Es heißt oft: Amateure und Profis soll man nicht in einen Topf werfen. Dies ist auch in vielen Fällen richtig: Ein Musikschulvorspiel darf nicht mit den gleichen Maßstäben wie ein Konzert eines Staatsorchesters gemessen werden. Die Regel kann aber nicht kategorisch angewandt werden. Denn es gibt viele Beispiele von Autodidakten, die so manchen Profi auf allen Ebenen überholt haben.
Wer sich mit Kultur beschäftigt, wird immer auch Lieblingskünstler haben. Hier lauert die Gefahr, sich als verlängerter Arm der Werbeagentur des Künstlers instrumentalisieren zu lassen. Nur aus einer Distanz heraus ist es möglich, zu glaubhaften Analysen, seien sie nun negativ oder positiv, zu kommen. Hat man andererseits kein Faible etwa für ein bestimmtes Genre, darf dies in der Beurteilung keine Rolle spielen. Allgemein aber wird wohl jeder Kritiker eine Leidenschaft für die Kultur mitbringen. Ist dies nicht der Fall, wird er sich eher nicht die Mühe machen, sich in die komplexe und vielfach hochanspruchsvolle Welt der Künstler hineinzudenken, die sich dem Besucher oder Betrachter vielleicht nicht sogleich erschließt und die es zu vermitteln gilt. Die Basics, die der Ausgangspunkt jeder Kritik sein sollten, sind also: Ich muss sehr viel wissen und sehr viel gelesen und gesehen haben, wenn ich Kritik üben will. Denn nie darf man vergessen: Die Menschen, die da auf der Bühne stehen, ihre Bilder ausstellen oder ein Buch präsentieren, haben sich intensiv mit ihrer Kunst beschäftigt, sie sind darin Experten. Sie verdienen eine Kritik, die auf Kenntnis des Genres, der Geschichte, zeitgenössischer Strömungen sowie Unvoreingenommenheit beruht.

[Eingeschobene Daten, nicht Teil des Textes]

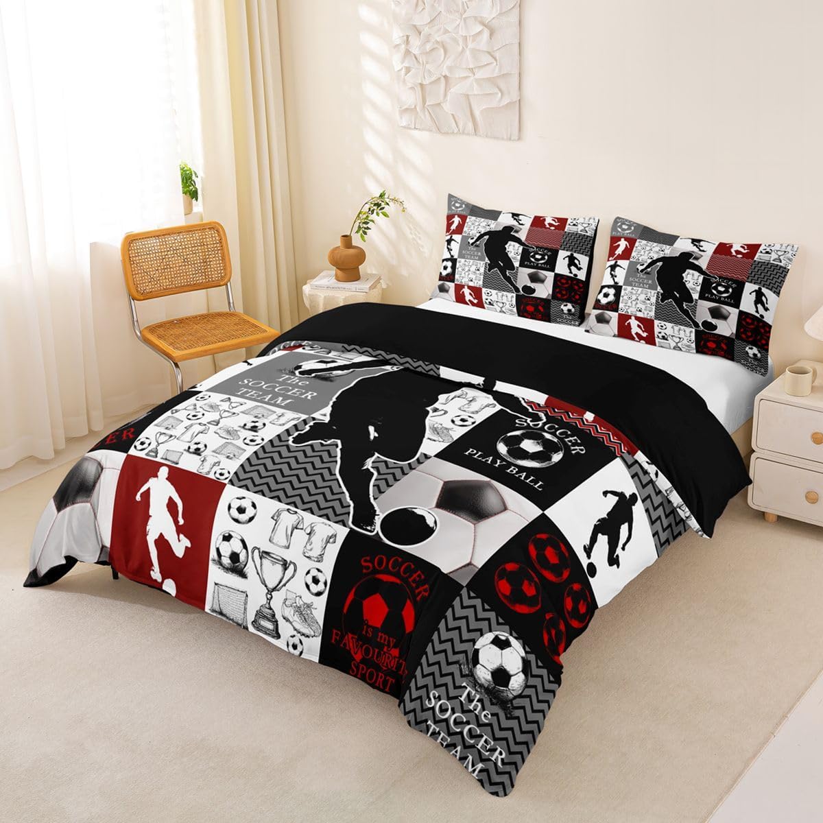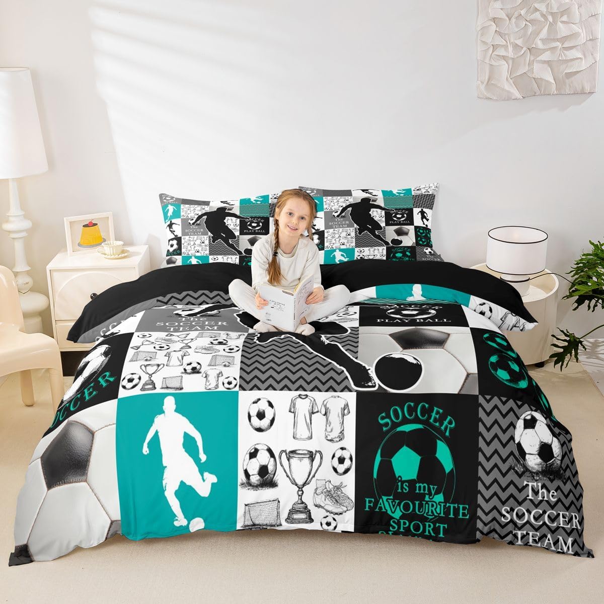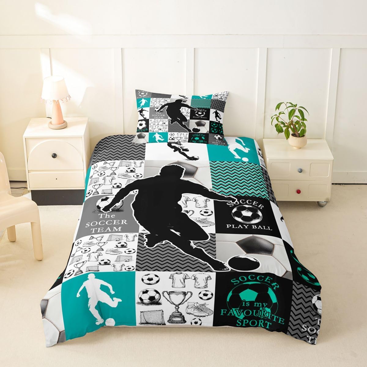 Feelyou Kids Soccer Duvet Cover Queen Size Football Bedding Set Boys Girls Soccer Ball Pattern Gray Comforter Cover Set Sports Theme Bedspread Cover(No Comforter

Kritisieren heißt nicht sezieren, sondern das große Ganze im Blick zu haben. Nehmen wir einmal ein Konzert. Ludwig van Beethoven sagte einmal: „Eine falsche Note zu spielen ist unwichtig, aber ohne Leidenschaft zu spielen, ist unverzeihlich!“ Ein Kritiker wird immer im Blick haben, ob Leidenschaft im Spiel ist und die Musiker das Publikum dadurch erreichen. Oder ob etwas an der Performance nicht stimmt, obwohl keine musikalischen Schwächen erkennbar sind. Dies könnte der Fall sein, wenn sich die Musiker zu sehr in eine Routine hineingespielt haben. Auf der anderen Seite ist es möglich, dass an einer Stelle eine kleine Panne passiert, das Konzert aber insgesamt ganz wunderbar ist. In einem solchen Fall geht es darum, die Atmosphäre des Konzerts zu vermitteln. Dann kann ein uneitler Kritiker, der nicht beweisen muss, dass er die kleine Unsauberkeit bemerkt hat, auf eine Erwähnung derselben verzichten. Um nicht einen Wurm zu einer Schlange mutieren zu lassen und dadurch das Gesamtbild zu verfälschen.
Freilich sehen erfahrene Kritiker, ob diejenigen, die sich als Künstler exponieren, ihr Handwerk auch verstehen, wieviel Eigenes das Werk beinhaltet, welche Ideen dahinterstecken und ob auch gehalten wird, was in der Eigenwerbung versprochen wurde. Ein Kritiker ist sich aber sehr wohl darüber bewusst, dass sein Urteil nicht der Weisheit letzter Schluss ist. Vielmehr gehört zu seinen Aufgaben, das Gespräch über Kunst und Kultur anzustoßen beziehungsweise aufrecht zu erhalten und dabei seine, bei höchst möglicher Objektivität, immer subjektive, aber eindeutige Haltung deutlich zu machen. Die nicht, wenn ein Fachmann um die Ecke kommt, wie ein Kartenhaus zusammenfallen darf. Über Kunst und Kultur lässt sich, wie wir wissen, trefflich streiten. Am besten mit Spaß und vielfältigen Erfahrungen im Hintergrund.